7. The power device control method for a smart wearable device according to claim 4, characterized in that, The step of controlling the power device based on the power device control analysis data to obtain power device control feedback data includes: Power control commands are generated based on power device control analysis data, and power control is adjusted according to the power control commands to obtain power control adjustment data. Based on the power control adjustment data, a full-dimensional feedback acquisition mechanism is activated to collect three major categories of feedback data: equipment operation feedback data, power control effect feedback data, and demand matching degree feedback data. The three main categories of feedback data collected are preprocessed and integrated to obtain power device control feedback data.

8. The power device control method for a smart wearable device according to claim 1, characterized in that, S3 includes: The control effect is analyzed based on the control feedback data of the power devices to obtain control effect analysis data. Determine the corresponding effect data of the control parameters based on the control effect analysis data; The corresponding effects are evaluated to determine their level, and then the control parameters are evaluated to determine their level, thus obtaining the effect parameter level data. Adjust the control parameters based on the effect parameter level data until the power device control adjustment parameters meet the target requirements of the current smart wearable device.

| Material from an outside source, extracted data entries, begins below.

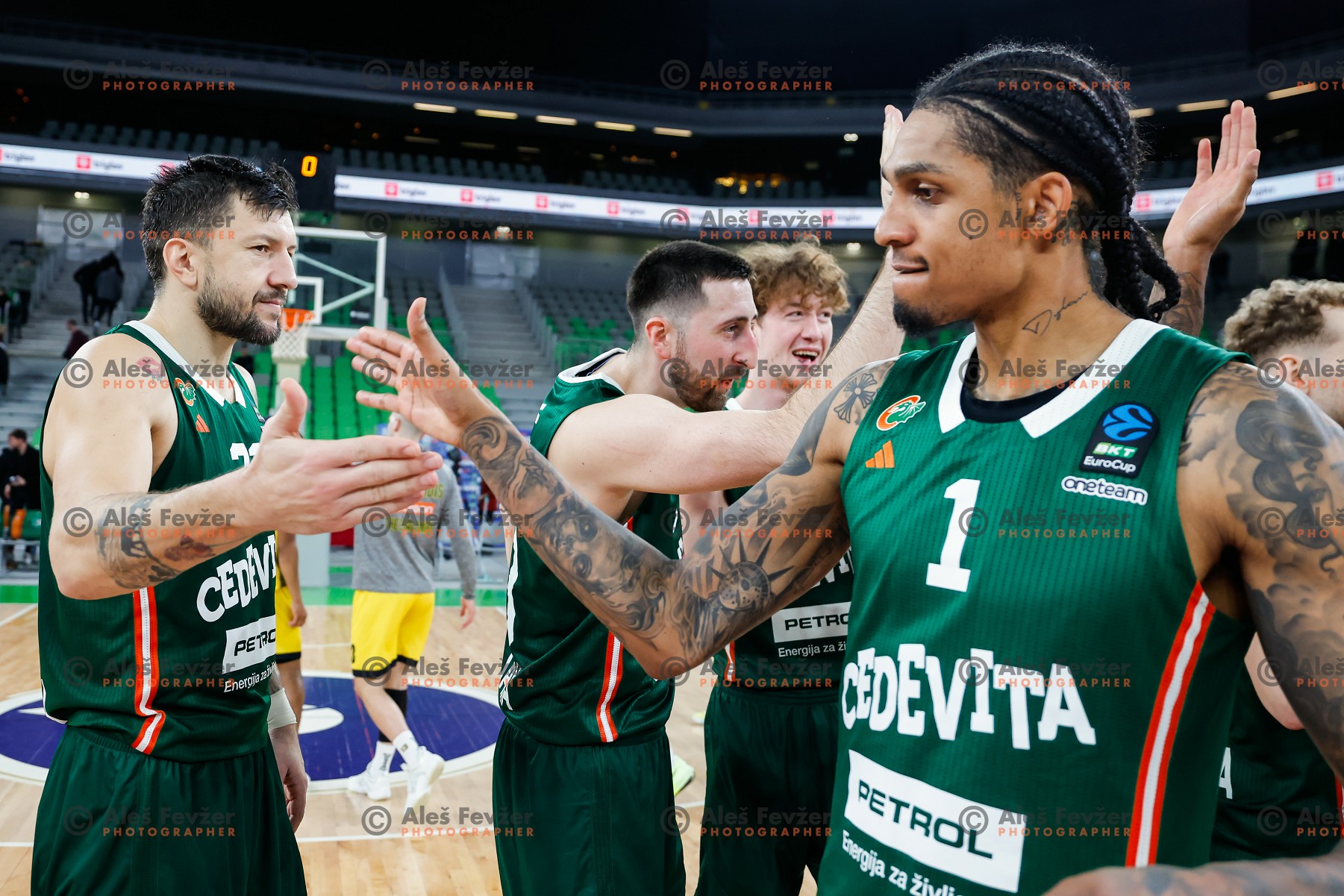 Andrija Stipanovic in action during BKT EuroCup 2024/2025 regular season basketball match between Cedevita Olimpija and Aris Thessaloniki in SRC Stozice, Ljubljana, Slovenia on January 8, 2025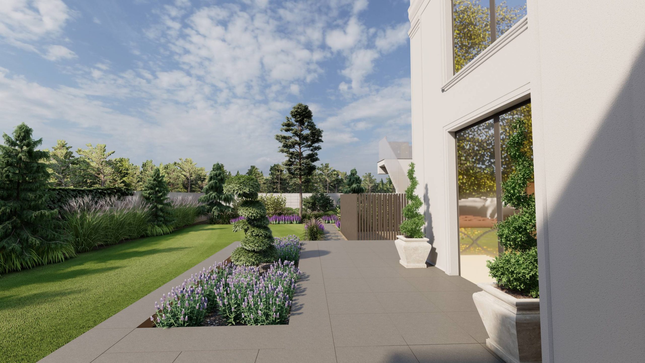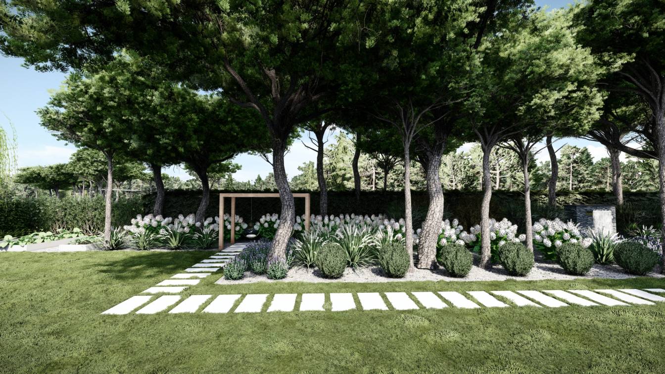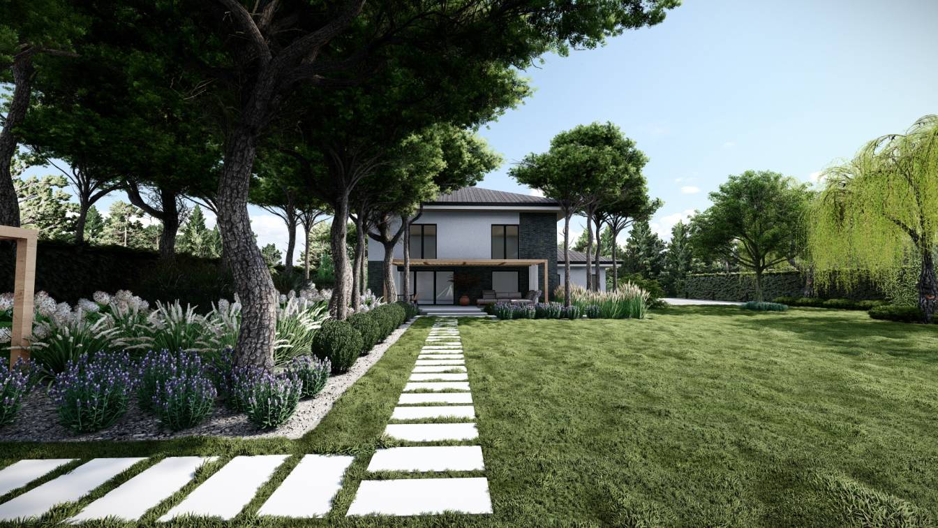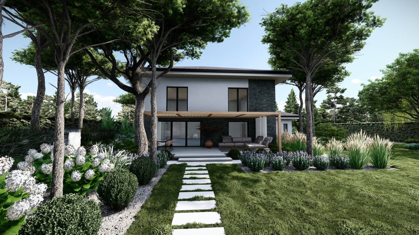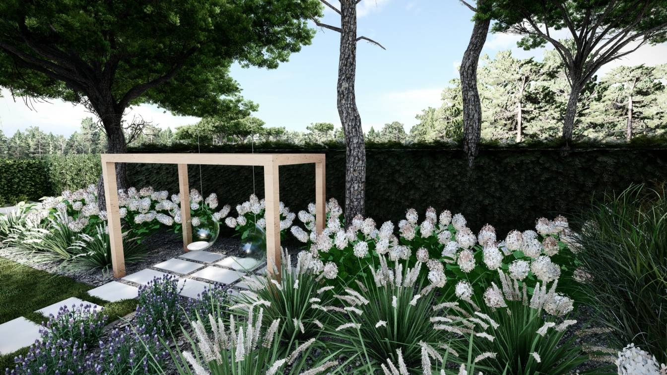 Aranżacja ogrodu zaprojektowana przy willi projektu Unique Residence.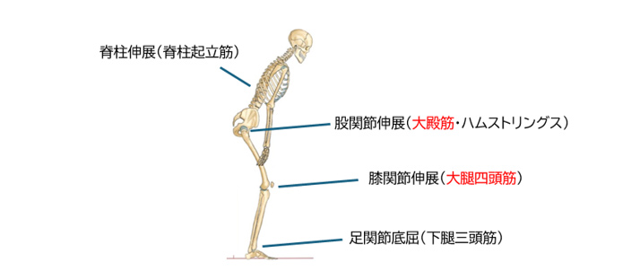 椅子から立ち上がる際には、大腿四頭筋や大殿筋だけではなく、上の図で挙げてる以外にも主働筋の周囲や遠く離れた筋肉が協調して動作を行っています。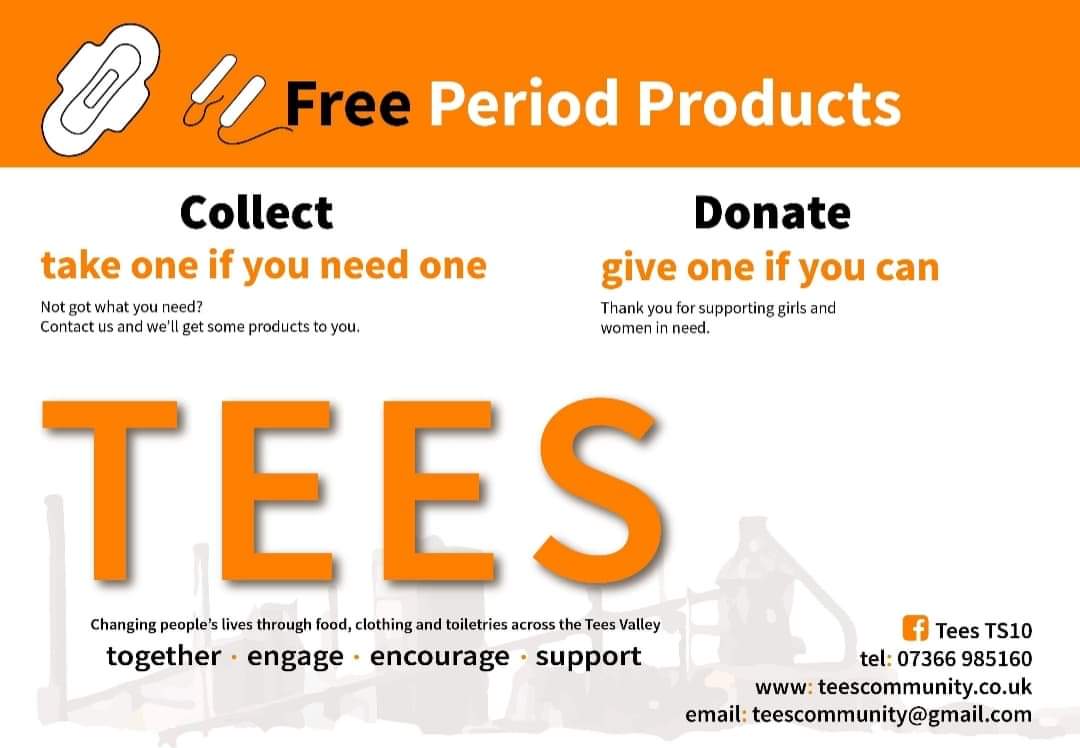 TEES CIO started a period poverty campaign in 2018 to support people across the borough with FREE access to period products. We placed donation points across the region to gain access to products donated to Tees Period Poverty Campaign TPP from the public.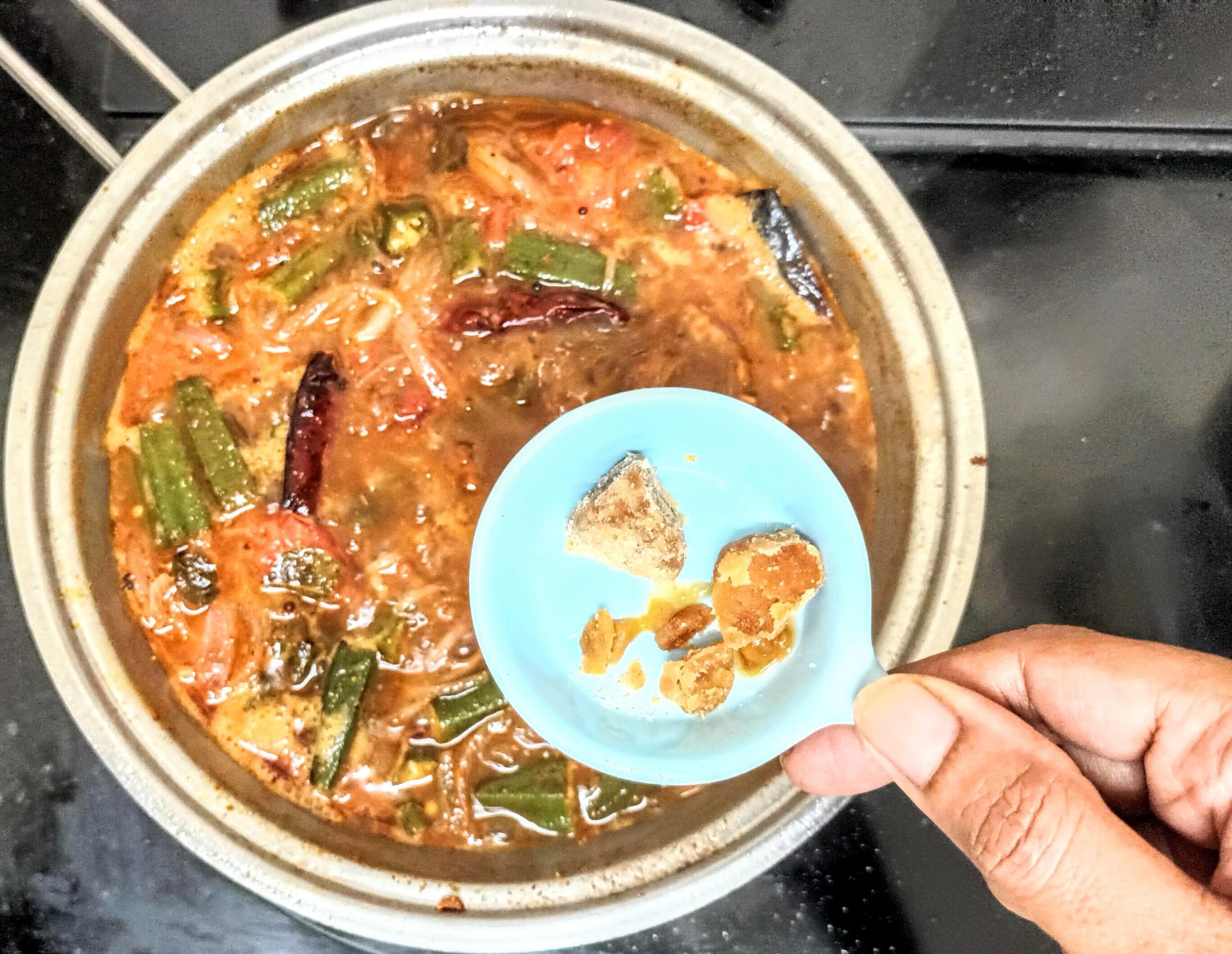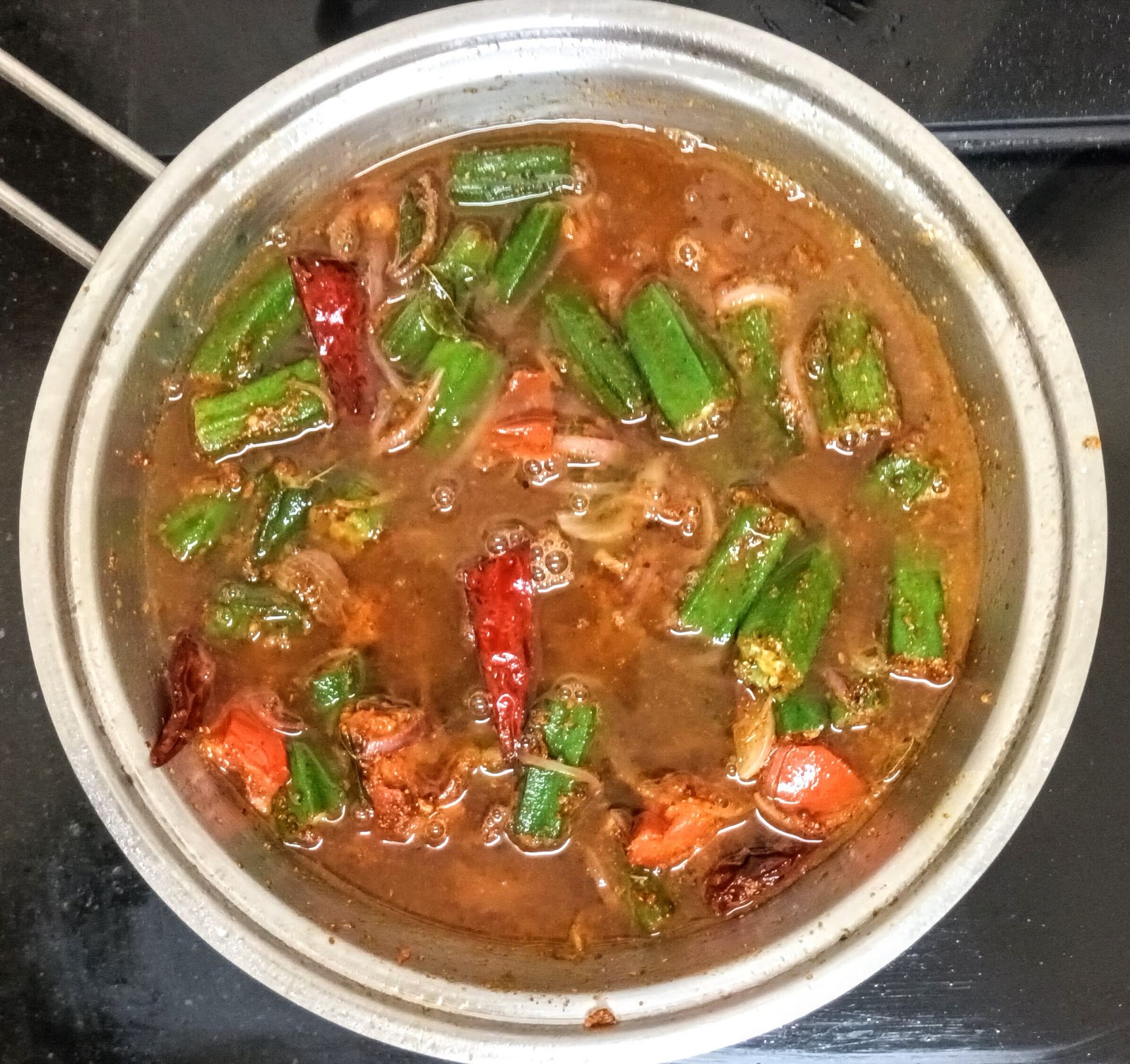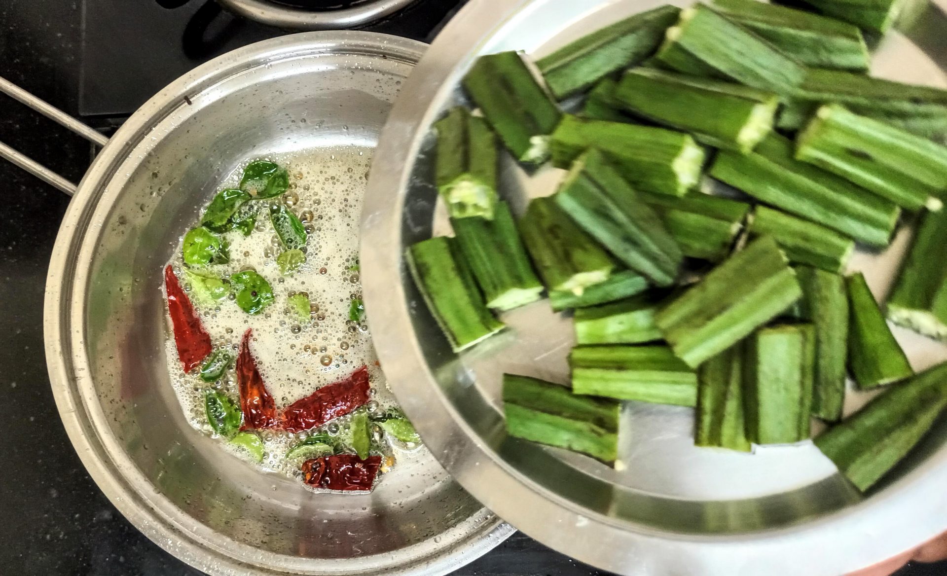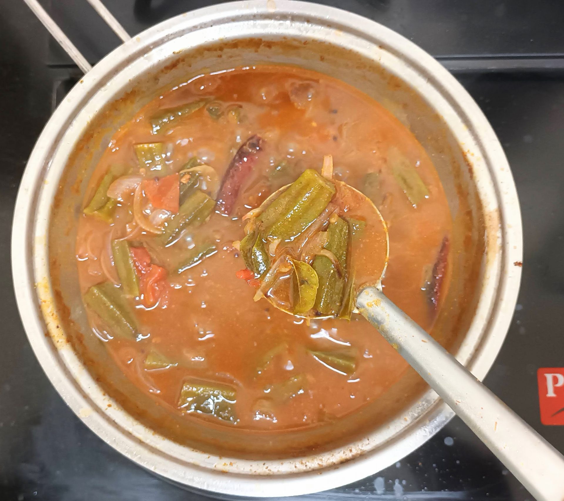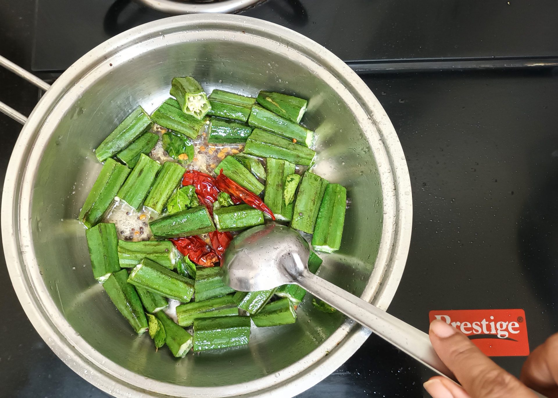 - I have used Okra/Ladysfinger here, other vegetables that can be used are Drumsticks, Shallots, Onions, dehydrated berries like Turkey berry(Sundakai), and even dehydrated vegetables like Cluster beans, Bitter gourd, etc.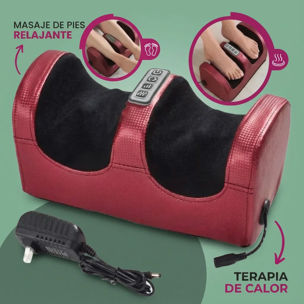 Masajeador Suavidad: Portátil, adaptable a pies y pantorrillas, función de calor opcional.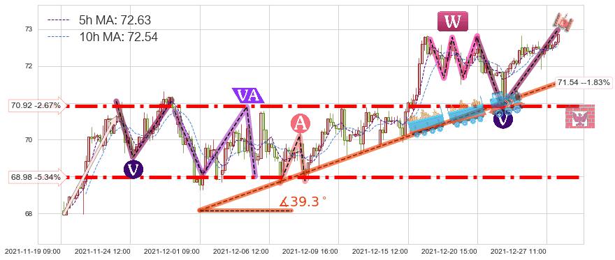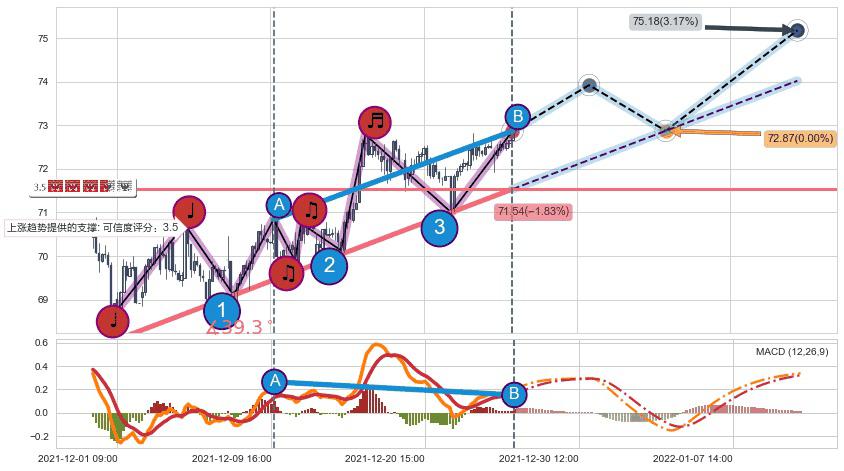 ➣ 预测:2022-01-05 09:00,【试探支撑】稳定目前上涨趋势的前提下,预测价格:72.87

9. The power device control method for a smart wearable device according to claim 8, characterized in that, The step of analyzing the control effect based on the power device control feedback data to obtain control effect analysis data includes: Deep analysis of power device control feedback data is performed to obtain equipment operation deviation data, power control parameter deviation data, and demand matching deviation data. Calculate the corresponding effect deviation value based on the three types of deviation data; The three types of effect deviation values ​​are weighted and fused to obtain control effect deviation data; The control effect deviation data is the control effect analysis data.

10. A power device control system for a smart wearable device, characterized in that, The system includes: The preliminary analysis module is used to collect and perform preliminary analysis and processing of various types of data through smart wearable devices to obtain preliminary analysis and processing data. The power control module is used to perform feature fusion analysis based on the preliminary analysis and processing data to obtain feature fusion analysis data, and to perform power analysis and control based on the feature fusion analysis data to obtain power device control feedback data. The feedback adjustment module is used to analyze the control effect and adjust the control parameters based on the control feedback data of the power device until the control adjustment parameters of the power device meet the target requirements of the current smart wearable device.